Руки ослабели, женщина выскользнула из объятий, но он еще долго помнил дурманящий чужой, но почему-то не казавшийся чужим запах, и на руках оставалось откровенное ощущение ее тепла. Для него это было необычным ощущением: такая тонкая и маленькая, легкая, почти как девочка, но ведь совсем не девочка — женщина.
…Они везли в тележке небольшую шлюпку в дальний угол залива. И еще издали увидели компактную японскую шхунку.
— Браконьерит, — сказал один из них равнодушно.
Трактор выехал на отлив и резво побежал береговым изгибом, сначала отдаляясь, а потом приближаясь к шхунке, и рыбаки начали волноваться, показывать на нее руками:
— Смотри-ка, японец так близко, вон там наш порядок, а он совсем рядом… Да не рядом, он, гад, на нашем месте, он порядок себе на винт накрутит.

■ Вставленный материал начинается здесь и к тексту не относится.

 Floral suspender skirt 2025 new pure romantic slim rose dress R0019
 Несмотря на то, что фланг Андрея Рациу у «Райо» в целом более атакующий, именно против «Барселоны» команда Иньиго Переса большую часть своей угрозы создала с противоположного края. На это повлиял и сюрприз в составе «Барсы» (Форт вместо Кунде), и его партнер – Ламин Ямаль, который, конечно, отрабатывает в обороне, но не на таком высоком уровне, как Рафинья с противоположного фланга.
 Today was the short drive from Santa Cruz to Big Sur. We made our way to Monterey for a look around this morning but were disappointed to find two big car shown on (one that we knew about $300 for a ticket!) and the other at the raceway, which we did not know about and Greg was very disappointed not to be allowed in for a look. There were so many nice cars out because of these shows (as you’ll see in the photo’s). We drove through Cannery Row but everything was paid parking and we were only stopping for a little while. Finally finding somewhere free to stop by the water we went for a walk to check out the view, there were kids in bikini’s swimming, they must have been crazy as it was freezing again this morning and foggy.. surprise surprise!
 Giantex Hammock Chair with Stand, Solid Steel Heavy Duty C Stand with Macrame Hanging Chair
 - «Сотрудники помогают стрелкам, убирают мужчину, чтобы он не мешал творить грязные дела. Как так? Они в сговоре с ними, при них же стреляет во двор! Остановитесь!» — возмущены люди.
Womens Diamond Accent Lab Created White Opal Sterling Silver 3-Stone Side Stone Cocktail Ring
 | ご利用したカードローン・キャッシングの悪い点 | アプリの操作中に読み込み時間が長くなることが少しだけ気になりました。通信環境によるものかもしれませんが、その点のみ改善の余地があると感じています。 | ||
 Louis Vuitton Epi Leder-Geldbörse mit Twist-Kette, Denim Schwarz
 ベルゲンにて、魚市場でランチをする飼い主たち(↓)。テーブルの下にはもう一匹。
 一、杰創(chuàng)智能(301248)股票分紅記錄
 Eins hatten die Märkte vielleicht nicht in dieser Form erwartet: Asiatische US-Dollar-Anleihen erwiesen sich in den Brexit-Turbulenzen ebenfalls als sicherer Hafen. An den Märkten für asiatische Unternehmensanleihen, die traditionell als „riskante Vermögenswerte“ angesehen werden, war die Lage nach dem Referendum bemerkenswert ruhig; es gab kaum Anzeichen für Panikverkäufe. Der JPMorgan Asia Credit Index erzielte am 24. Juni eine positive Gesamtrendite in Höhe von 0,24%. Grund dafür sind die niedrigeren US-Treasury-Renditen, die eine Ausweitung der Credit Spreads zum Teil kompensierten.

— Не должен накрутить, мы хорошо поставили, притопили.
— Да погоди-ка, он уже, кажись, накрутил…
Вчетвером — с трактористом — торопливо сдернули шлюпку с телеги, поволокли к воде, покидали внутрь ящики, трое сели в шлюпку, а тракторист, разувшись, закатав штаны, вытолкал шлюпку на глубину, и рыбаки, наладив две пары весел, спешно стали отгребать к своему порядку ловушек-чилимниц, который протянулся по дну залива в зарослях филлоспадикса почти на полмили. Японцы тоже управлялись с ловушками — ставили или проверяли свой скрытый браконьерский порядок. Быстро крутился локатор на рубке шхунки.
— Черт с ним, — сказал один. — Только уж больно близко он к нашему порядку стоит…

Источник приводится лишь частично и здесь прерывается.